[Opening Given records section]

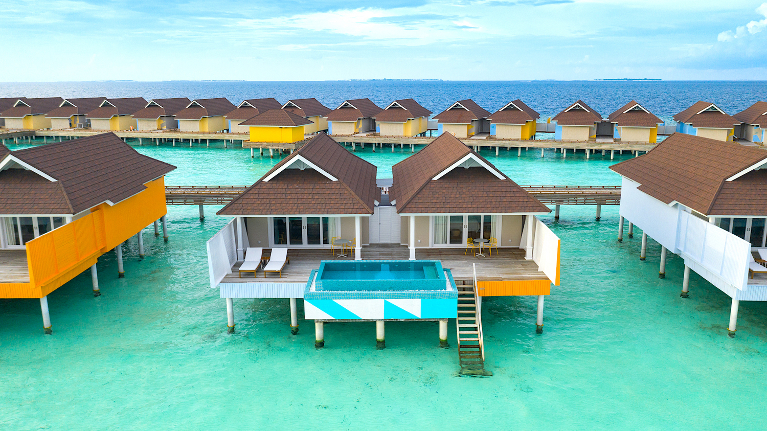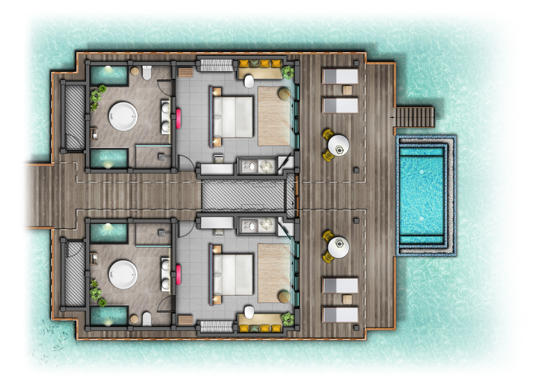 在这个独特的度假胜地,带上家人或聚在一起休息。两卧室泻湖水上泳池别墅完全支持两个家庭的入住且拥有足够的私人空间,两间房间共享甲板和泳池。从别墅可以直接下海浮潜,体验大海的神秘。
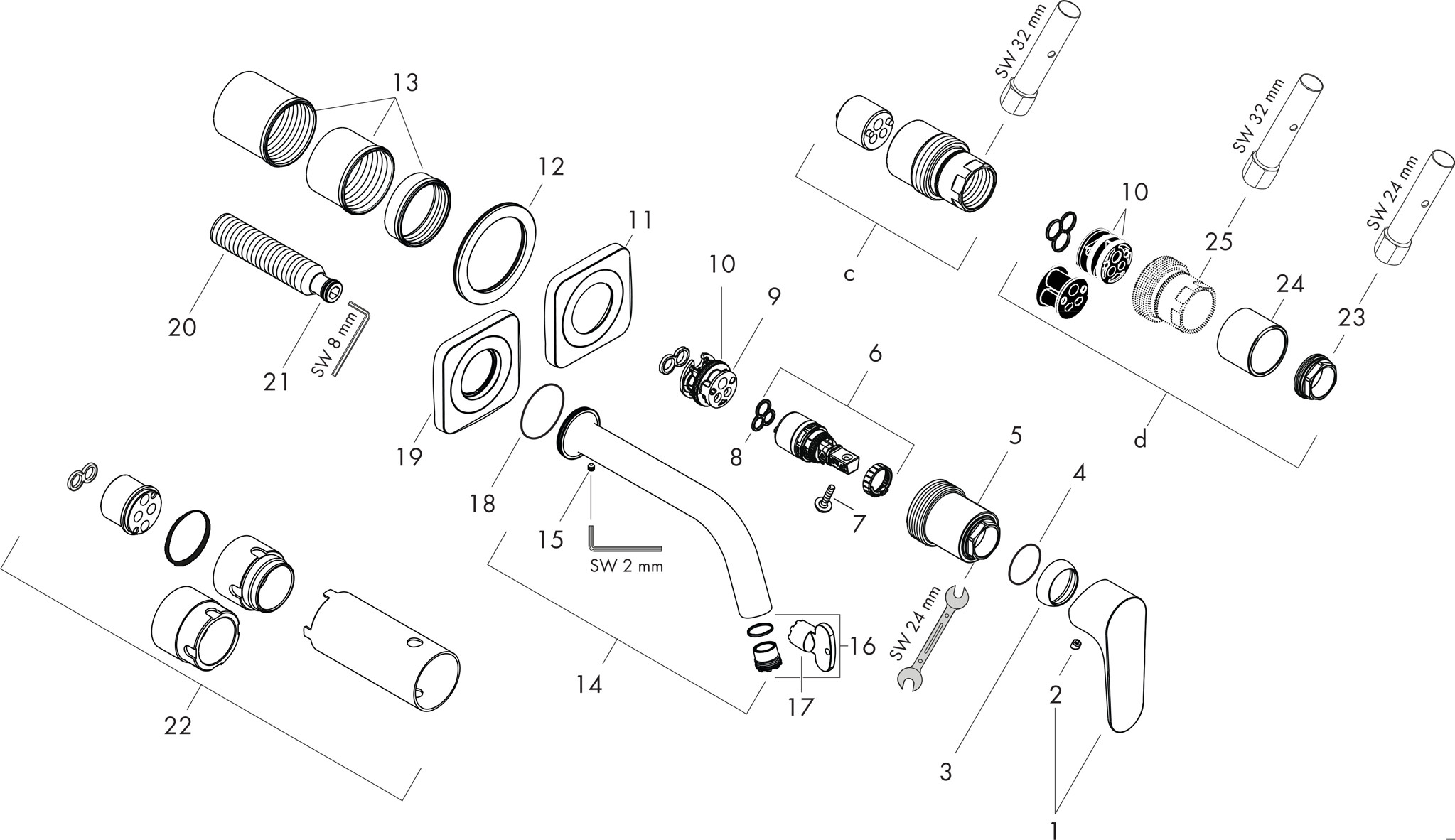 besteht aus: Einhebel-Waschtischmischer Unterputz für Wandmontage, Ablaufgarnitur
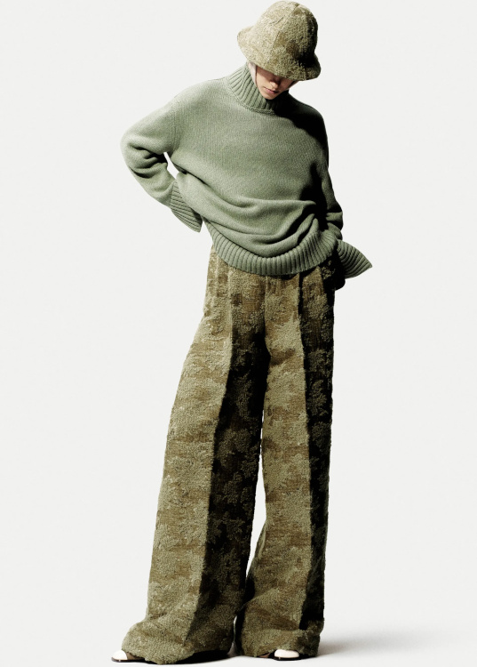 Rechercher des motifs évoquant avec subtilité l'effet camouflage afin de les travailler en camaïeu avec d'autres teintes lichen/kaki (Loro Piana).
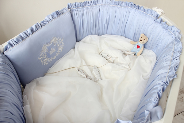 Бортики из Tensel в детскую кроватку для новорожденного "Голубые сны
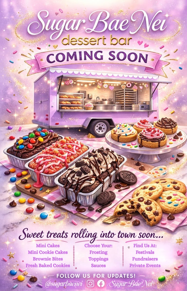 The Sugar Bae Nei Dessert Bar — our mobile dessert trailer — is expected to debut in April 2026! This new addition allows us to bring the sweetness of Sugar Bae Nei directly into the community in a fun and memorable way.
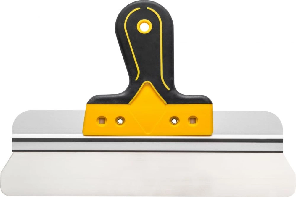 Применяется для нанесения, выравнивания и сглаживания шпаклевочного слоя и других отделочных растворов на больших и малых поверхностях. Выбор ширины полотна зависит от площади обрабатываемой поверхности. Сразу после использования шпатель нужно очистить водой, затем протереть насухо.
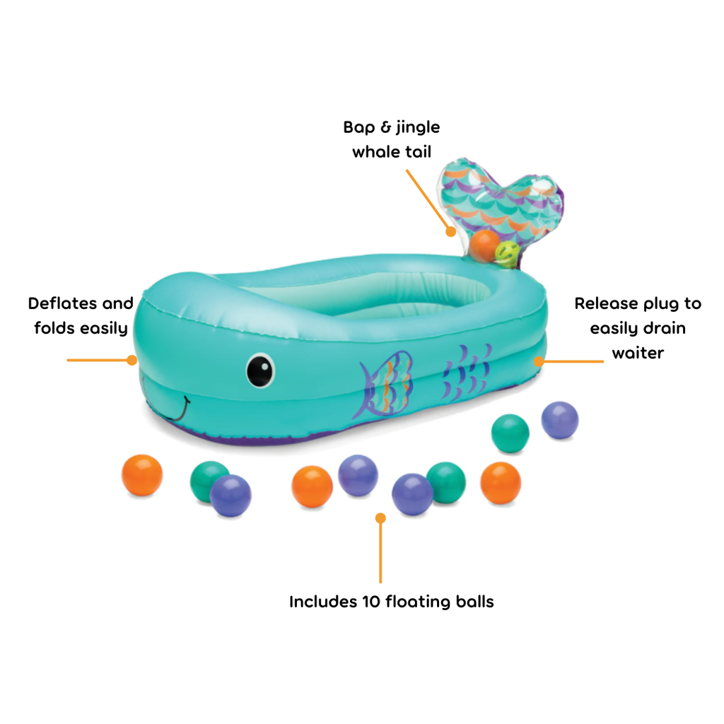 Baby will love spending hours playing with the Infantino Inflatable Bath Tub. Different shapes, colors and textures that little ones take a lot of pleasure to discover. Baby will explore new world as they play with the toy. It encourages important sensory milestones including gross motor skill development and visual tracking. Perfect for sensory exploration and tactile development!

[Closing Given records section]
[Opening Given records section]

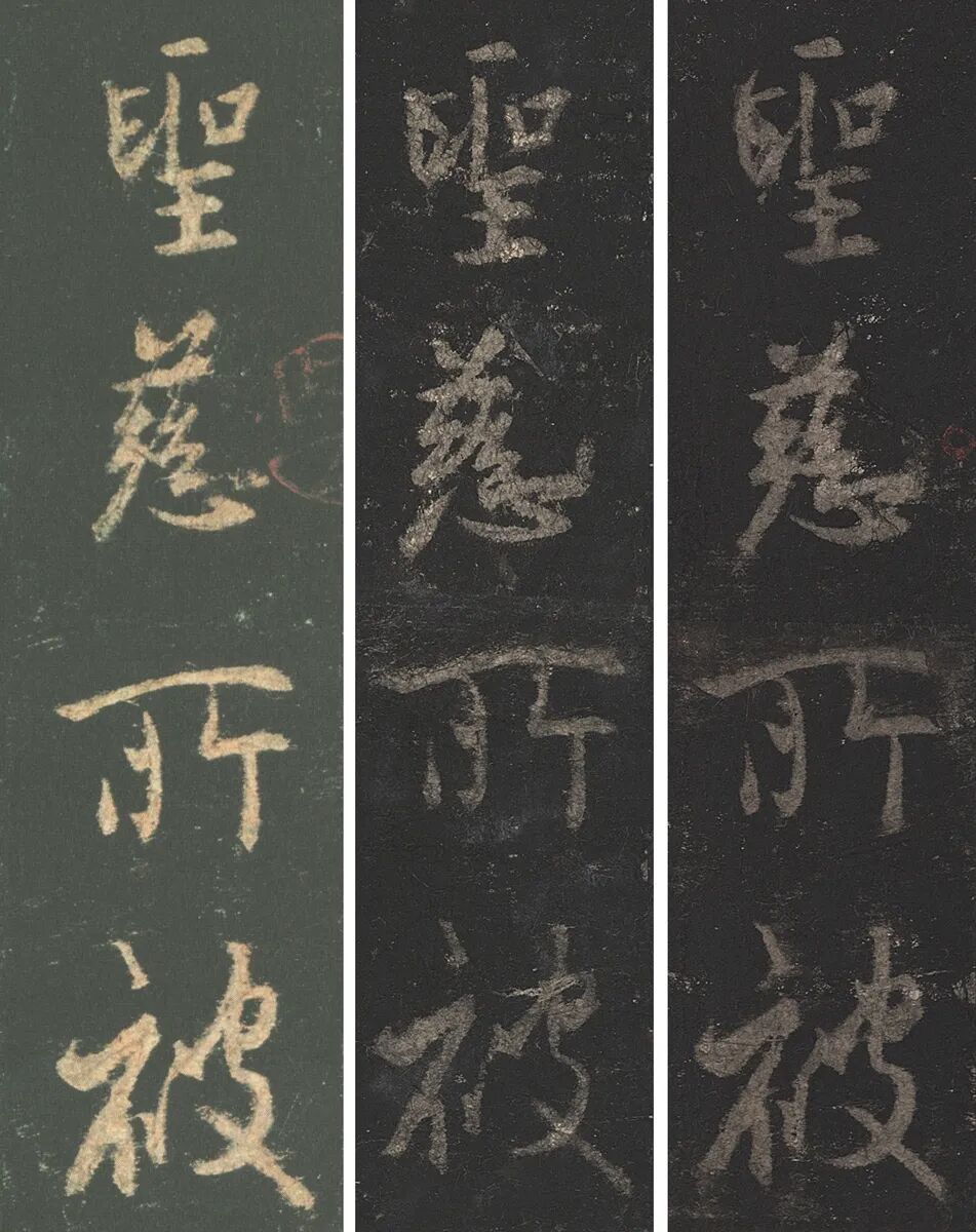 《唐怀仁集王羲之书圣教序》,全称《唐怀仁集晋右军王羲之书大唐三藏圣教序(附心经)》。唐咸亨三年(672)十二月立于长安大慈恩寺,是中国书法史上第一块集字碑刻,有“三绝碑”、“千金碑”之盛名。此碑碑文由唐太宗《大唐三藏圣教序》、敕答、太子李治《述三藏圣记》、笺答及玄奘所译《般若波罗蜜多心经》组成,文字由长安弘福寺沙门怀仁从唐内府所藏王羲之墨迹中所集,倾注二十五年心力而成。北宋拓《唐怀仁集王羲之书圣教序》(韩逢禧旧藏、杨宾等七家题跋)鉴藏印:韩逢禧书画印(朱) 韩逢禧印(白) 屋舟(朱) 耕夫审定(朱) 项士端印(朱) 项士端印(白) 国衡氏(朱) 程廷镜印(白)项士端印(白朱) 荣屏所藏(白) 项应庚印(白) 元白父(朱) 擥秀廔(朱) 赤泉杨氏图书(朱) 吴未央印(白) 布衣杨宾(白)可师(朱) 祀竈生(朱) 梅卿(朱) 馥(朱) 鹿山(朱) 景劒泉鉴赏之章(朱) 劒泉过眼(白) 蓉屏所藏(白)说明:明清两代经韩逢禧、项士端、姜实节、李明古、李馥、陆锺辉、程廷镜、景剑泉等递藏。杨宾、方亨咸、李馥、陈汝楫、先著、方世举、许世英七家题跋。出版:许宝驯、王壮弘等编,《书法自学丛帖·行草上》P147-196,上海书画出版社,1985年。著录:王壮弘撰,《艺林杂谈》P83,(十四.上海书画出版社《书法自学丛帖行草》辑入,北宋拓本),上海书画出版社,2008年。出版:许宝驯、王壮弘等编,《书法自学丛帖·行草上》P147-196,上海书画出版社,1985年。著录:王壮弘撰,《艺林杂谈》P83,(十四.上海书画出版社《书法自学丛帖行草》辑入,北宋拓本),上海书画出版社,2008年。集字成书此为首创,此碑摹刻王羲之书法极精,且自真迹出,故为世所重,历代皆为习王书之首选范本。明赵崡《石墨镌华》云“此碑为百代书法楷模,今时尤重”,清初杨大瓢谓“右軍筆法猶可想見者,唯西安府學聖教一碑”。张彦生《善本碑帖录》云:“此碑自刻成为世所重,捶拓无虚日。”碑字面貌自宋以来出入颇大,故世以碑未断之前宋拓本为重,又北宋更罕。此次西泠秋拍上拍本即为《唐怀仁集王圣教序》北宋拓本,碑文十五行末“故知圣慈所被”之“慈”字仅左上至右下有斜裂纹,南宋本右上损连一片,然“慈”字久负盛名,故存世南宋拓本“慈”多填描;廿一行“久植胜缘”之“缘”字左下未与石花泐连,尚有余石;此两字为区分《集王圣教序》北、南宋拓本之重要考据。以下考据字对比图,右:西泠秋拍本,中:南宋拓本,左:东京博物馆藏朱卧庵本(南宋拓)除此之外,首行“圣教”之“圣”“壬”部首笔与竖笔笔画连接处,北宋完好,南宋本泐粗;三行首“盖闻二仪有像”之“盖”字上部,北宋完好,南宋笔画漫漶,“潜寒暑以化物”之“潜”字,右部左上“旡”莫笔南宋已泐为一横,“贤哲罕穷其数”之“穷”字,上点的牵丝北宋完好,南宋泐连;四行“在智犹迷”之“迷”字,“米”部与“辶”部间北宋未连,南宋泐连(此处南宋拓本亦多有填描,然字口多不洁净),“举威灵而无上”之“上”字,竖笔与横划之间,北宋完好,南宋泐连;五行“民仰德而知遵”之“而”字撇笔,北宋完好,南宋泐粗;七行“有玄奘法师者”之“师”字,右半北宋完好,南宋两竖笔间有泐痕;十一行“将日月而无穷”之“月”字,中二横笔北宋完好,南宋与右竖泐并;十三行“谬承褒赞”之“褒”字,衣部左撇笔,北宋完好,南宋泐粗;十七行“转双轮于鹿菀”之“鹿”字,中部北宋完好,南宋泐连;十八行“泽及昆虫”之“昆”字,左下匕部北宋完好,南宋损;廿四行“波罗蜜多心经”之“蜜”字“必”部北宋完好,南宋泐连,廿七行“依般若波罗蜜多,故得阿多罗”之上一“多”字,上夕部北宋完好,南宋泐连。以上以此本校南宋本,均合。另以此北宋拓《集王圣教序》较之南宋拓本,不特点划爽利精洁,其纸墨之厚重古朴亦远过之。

[Closing Given records section]
[Opening Given records section]

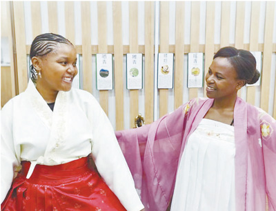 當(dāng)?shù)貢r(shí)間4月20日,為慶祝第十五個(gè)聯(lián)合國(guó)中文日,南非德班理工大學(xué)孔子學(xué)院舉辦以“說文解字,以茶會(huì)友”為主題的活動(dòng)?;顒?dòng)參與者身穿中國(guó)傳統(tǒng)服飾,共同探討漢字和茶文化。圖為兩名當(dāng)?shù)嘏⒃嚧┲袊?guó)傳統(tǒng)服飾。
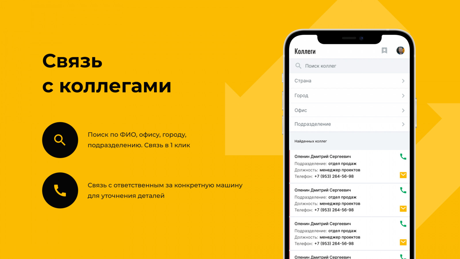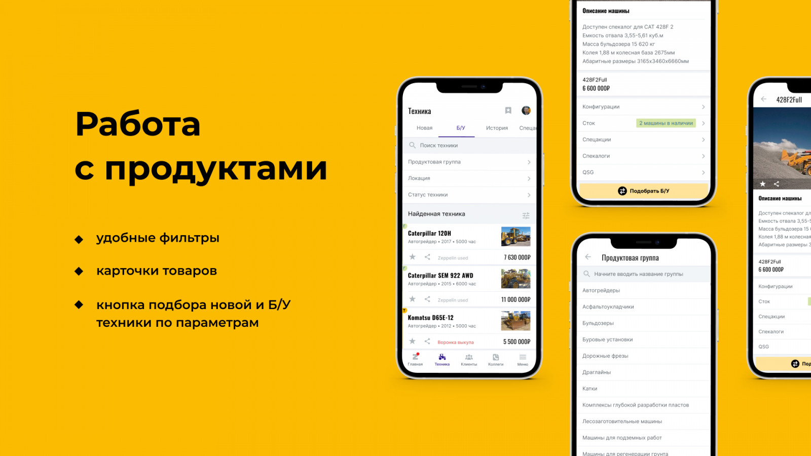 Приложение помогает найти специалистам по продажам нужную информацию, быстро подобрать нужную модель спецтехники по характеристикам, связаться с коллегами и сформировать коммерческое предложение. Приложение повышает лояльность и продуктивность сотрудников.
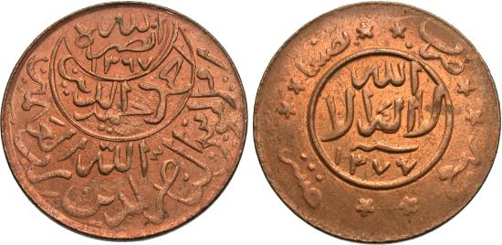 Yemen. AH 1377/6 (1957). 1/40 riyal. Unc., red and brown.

[Closing Given records section]

Task to complete:
Go back to the listing above and reproduce, exactly, the stretch from the line bearing "besteht aus: Einhebel-Waschtischmischer" through the line bearing "Бортики из Tensel", without its pictures.

Answer for this exercise:
 besteht aus: Einhebel-Waschtischmischer Unterputz für Wandmontage, Ablaufgarnitur
 Rechercher des motifs évoquant avec subtilité l'effet camouflage afin de les travailler en camaïeu avec d'autres teintes lichen/kaki (Loro Piana).
 Бортики из Tensel в детскую кроватку для новорожденного "Голубые сны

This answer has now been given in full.